I went to a theologically liberal seminary. Early on in my time there I was part of a conversation in which I raised the atoning work of Christ. An older fellow, whom I did not know, chimed in with, “Well, that all depends on what you mean by atonement.” I was taken aback. I was unaware that that was a question. From my reading, the Bible seemed pretty clear as to what is meant by atonement. That conversation comes back to me when I consider Palm Sunday. 

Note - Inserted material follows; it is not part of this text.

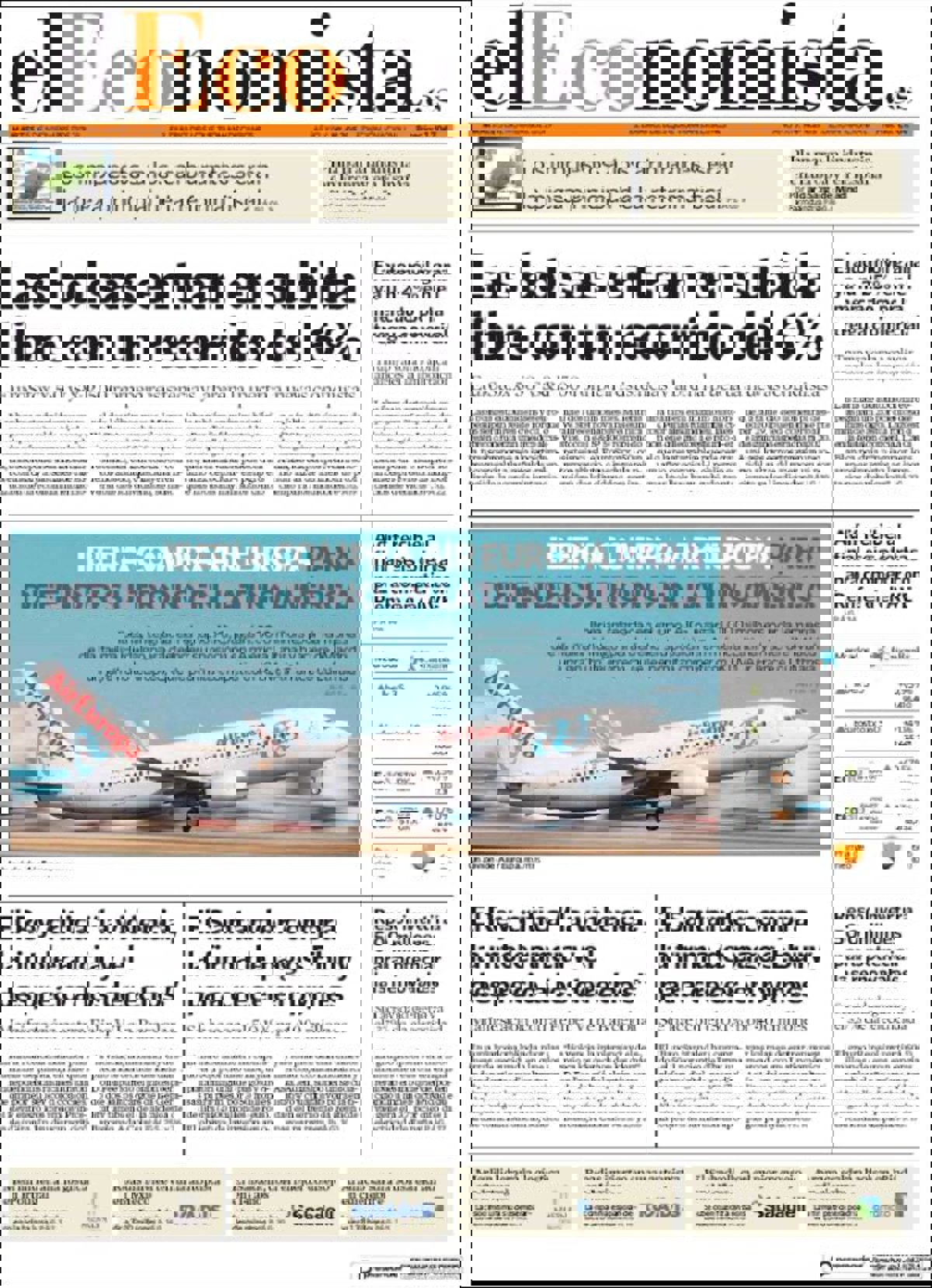 EL ECONOMISTA: "Las bolsas entran en subida libre con un recorrido del 6%"; "Iberia compra Air Europa para defender su trono el Latinoamérica"; "El Santander compra la firma de pagos Ebury para crecer en pymes".

Entering Jerusalem, Jesus is approaching the culmination of his earthly ministry. From the moment he was conceived in the womb of the virgin, this week has been the goal. He was given the name Jesus and his name defined his mission, and his mission’s denouement is upon him. With ‘eyes wide open’ he moves toward the holy city, self-aware of who he is and what he has been sent to do. It is love incarnate. To make it anything less by recasting Jesus passion as something other than a wrath-bearing, substitutionary sacrifice, is to drain it of all significance. Palm Sunday is no longer a deliberate act of grace by God in the flesh, but a misguided display of self-importance by a woefully deceived cipher of a man. The fellow at the seminary who suggested that atonement could be redefined fulfilled the hopes of plotting Jews: that Jesus would be discovered to be just another loser with visions of grandeur (see Acts 5:33-38).

But as Jesus repeatedly warned, and the gospel accounts clearly record, his passion, undertaken as the promised redeemer, was designed to meet the need of those he came to save. His central role in procuring that salvation is fully attested in the events of Palm Sunday: his symbolic mount connects him to the prophesied king of peace: the accolades of the crowd are received by him as fitting praise; the spiritual blindness of Jerusalem will result in its destruction. Even the evil of those who seek to destroy him plays into the eternal plan of God. 

Our King of peace has come, “righteous and having salvation is he, humble and mounted on a donkey, on a colt, the foal of a donkey.” (Zechariah 9:9) And to “all who did receive him, who believed in his name, he gave the right to become children of God, who were born, not of blood nor of the will of the flesh nor of the will of man, but of God.” (John 1:12-13)

Jesus came to save sinners, and it is sinners that he saves.